Records drawn from a dataset

_ _ _ _ _

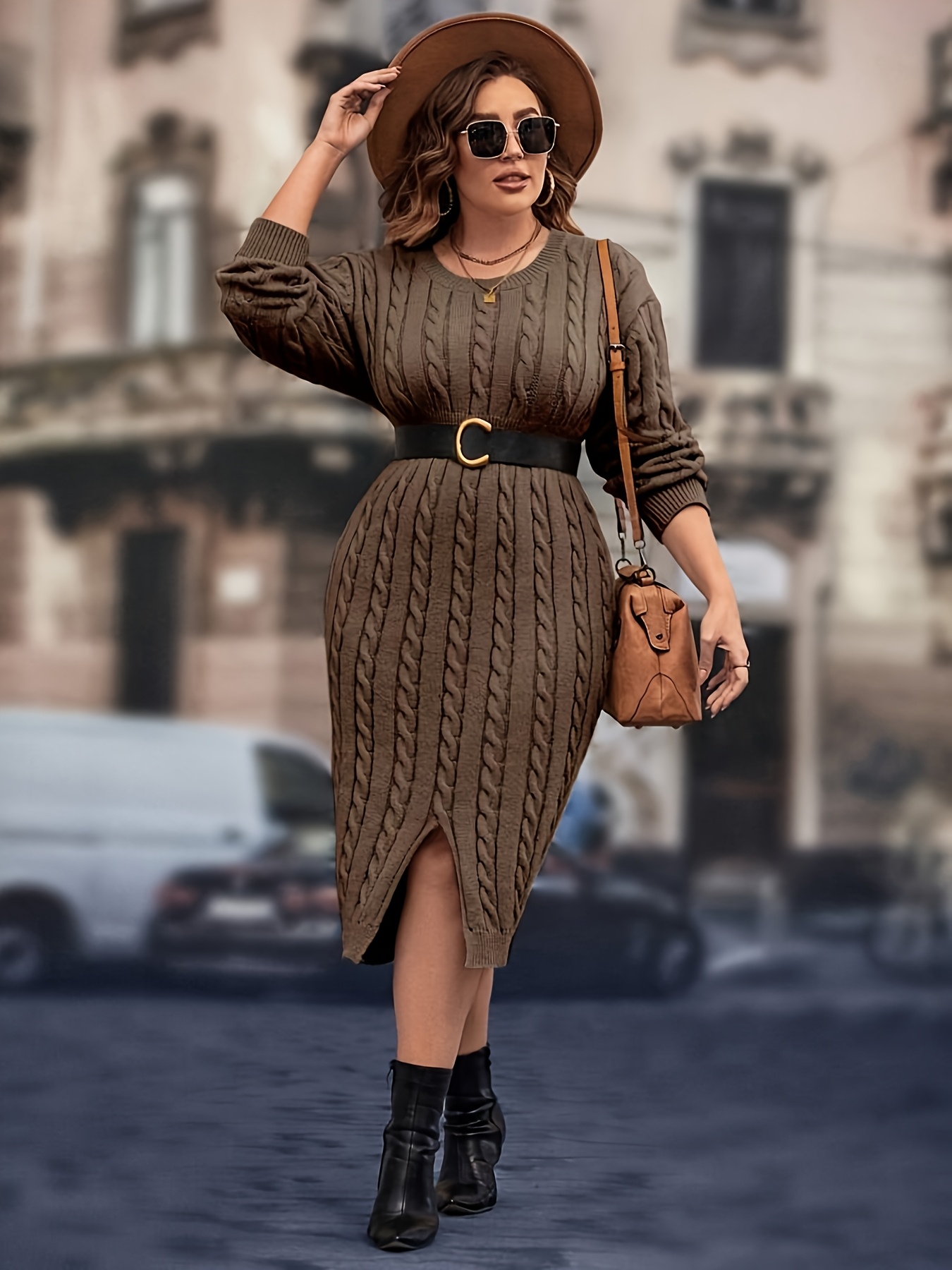 Plus Size - Elegant Plus Size Women'S Bodycon Dress - Fabric, Long Sleeve, Crew Neck, Slim Fit, Solid Color, Perfect for Spring/Summer, Ideal for Halloween, Christmas, Valentine'S Day Gifts, Casual Wear Dress|Slim Fit Dress| Construction, Plus Size Dress
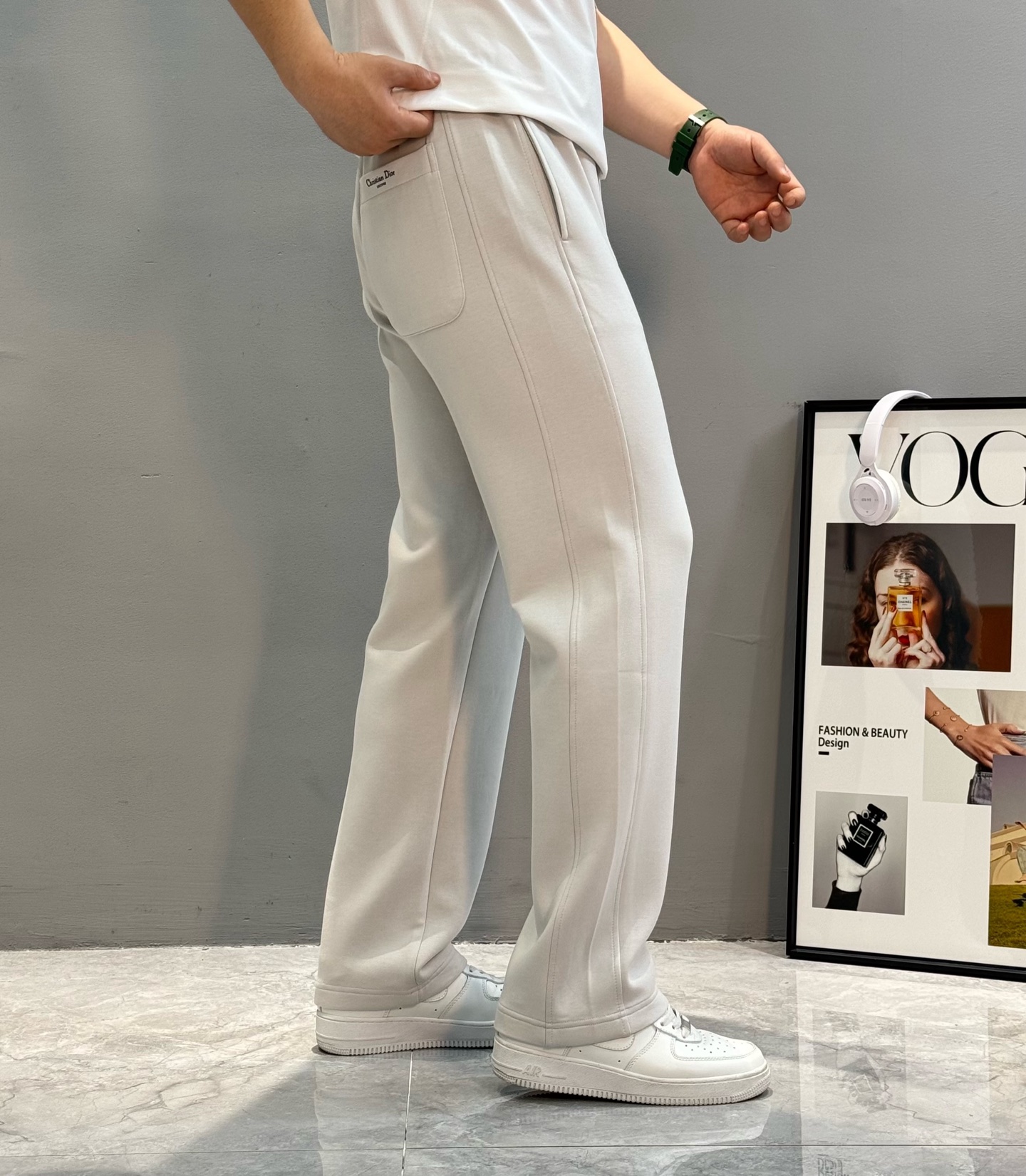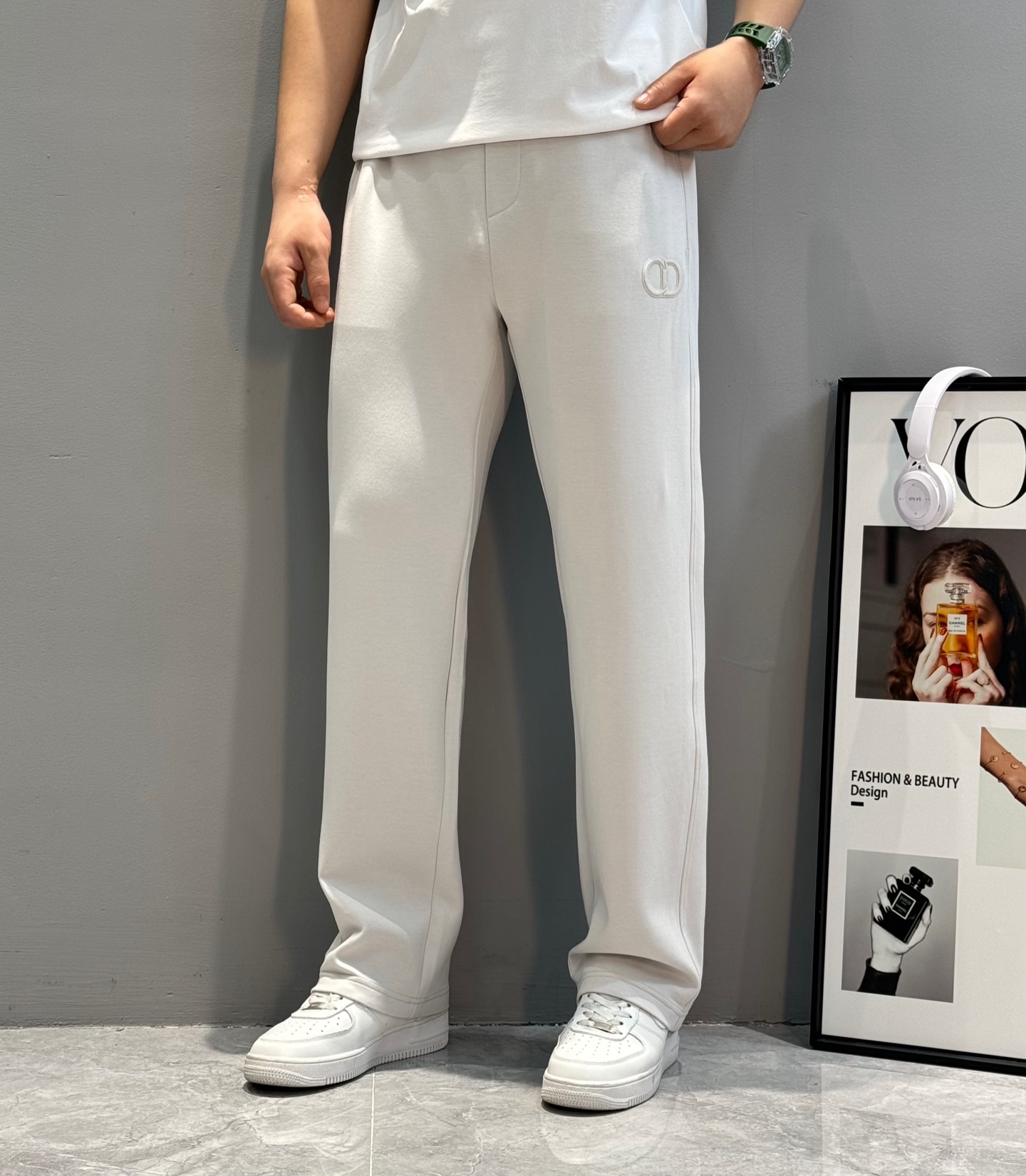 Dior 25s casual pants, straight-leg design. New cotton fabric, skin-friendly, wrinkle-resistant. Elastic waistband, 3D embroidery. Colors: black, light gray. Sizes: M-3XL.
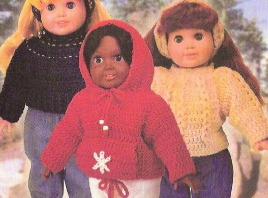 Vintage Crochet Pattern 18 Inch Dolls Knit Sweaters Hoodie Headbands Sets PDF Instant Digital Download Ribbed Cable Hooded Sweaters 4 Ply
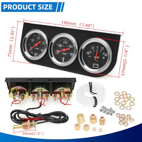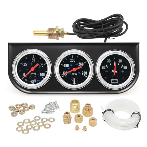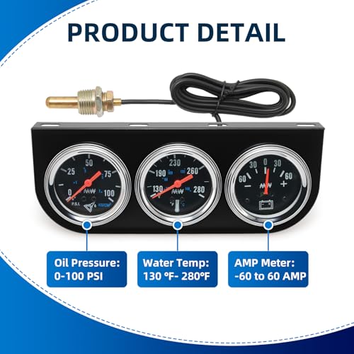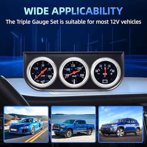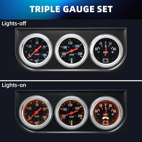 Specification: MH 2inch 52mm Triple Gauge Set, Oil Pressure (0-100PSI) Water Temperature (130°F-280°F) Ammeter AMP (-60 to 60) Car Auto 3 Gauges Cluster Set Automotive Kit Black
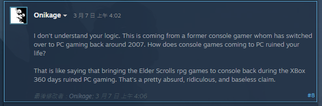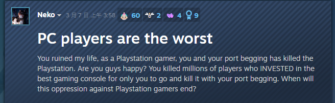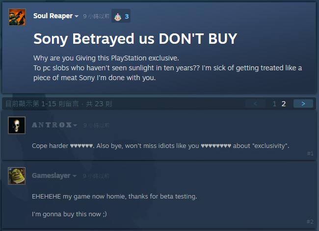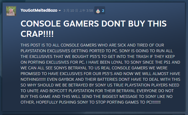 更惡劣的是,當中還有極端玩家將這股不滿的怒氣直接對向PC玩家,嗆聲「PC玩家就是垃圾」,聲稱都是因為PC玩家對PlayStation不合理的要求,才會導致官方做出這項決定,影響主機玩家的遊戲生活。當然這則發言,也很快地被PC玩家吐槽邏輯怪:「我玩PC到底是要影響你什麼?」、「那你為什麼會有Steam帳號?」
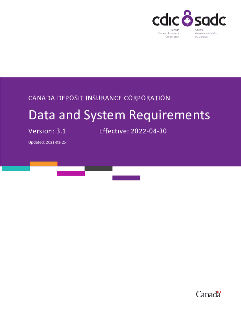 CANADA DEPOSIT INSURANCE CORPORATIONData and System Requirements Version: 3.1 Updated: 20210325Effective: 20220430UnclassifiedCDIC Data & System Requirements, v3.1 www.cdic.ca www.sadc.caContents
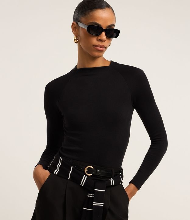 Blusa Básica em Viscose com Gola Alta e Cava Raglan Preto
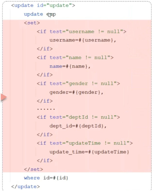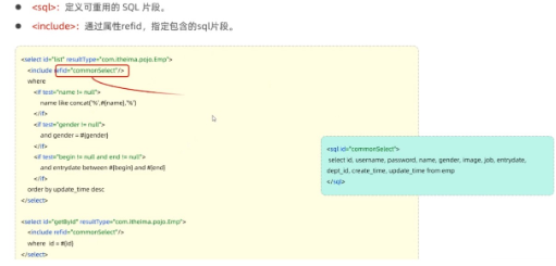 如果有多个查询语句,有公共代码,需要解耦,可以把公共代码写到sql片段中

_ _ _ _ _

◆ What to work on ◆
Copy the preceding data in full and word for word, dropping its pictures.

◆ Expected answer ◆
 Plus Size - Elegant Plus Size Women'S Bodycon Dress - Fabric, Long Sleeve, Crew Neck, Slim Fit, Solid Color, Perfect for Spring/Summer, Ideal for Halloween, Christmas, Valentine'S Day Gifts, Casual Wear Dress|Slim Fit Dress| Construction, Plus Size Dress
 Dior 25s casual pants, straight-leg design. New cotton fabric, skin-friendly, wrinkle-resistant. Elastic waistband, 3D embroidery. Colors: black, light gray. Sizes: M-3XL.
 Vintage Crochet Pattern 18 Inch Dolls Knit Sweaters Hoodie Headbands Sets PDF Instant Digital Download Ribbed Cable Hooded Sweaters 4 Ply
 Specification: MH 2inch 52mm Triple Gauge Set, Oil Pressure (0-100PSI) Water Temperature (130°F-280°F) Ammeter AMP (-60 to 60) Car Auto 3 Gauges Cluster Set Automotive Kit Black
 更惡劣的是,當中還有極端玩家將這股不滿的怒氣直接對向PC玩家,嗆聲「PC玩家就是垃圾」,聲稱都是因為PC玩家對PlayStation不合理的要求,才會導致官方做出這項決定,影響主機玩家的遊戲生活。當然這則發言,也很快地被PC玩家吐槽邏輯怪:「我玩PC到底是要影響你什麼?」、「那你為什麼會有Steam帳號?」
 CANADA DEPOSIT INSURANCE CORPORATIONData and System Requirements Version: 3.1 Updated: 20210325Effective: 20220430UnclassifiedCDIC Data & System Requirements, v3.1 www.cdic.ca www.sadc.caContents
 Blusa Básica em Viscose com Gola Alta e Cava Raglan Preto
 如果有多个查询语句,有公共代码,需要解耦,可以把公共代码写到sql片段中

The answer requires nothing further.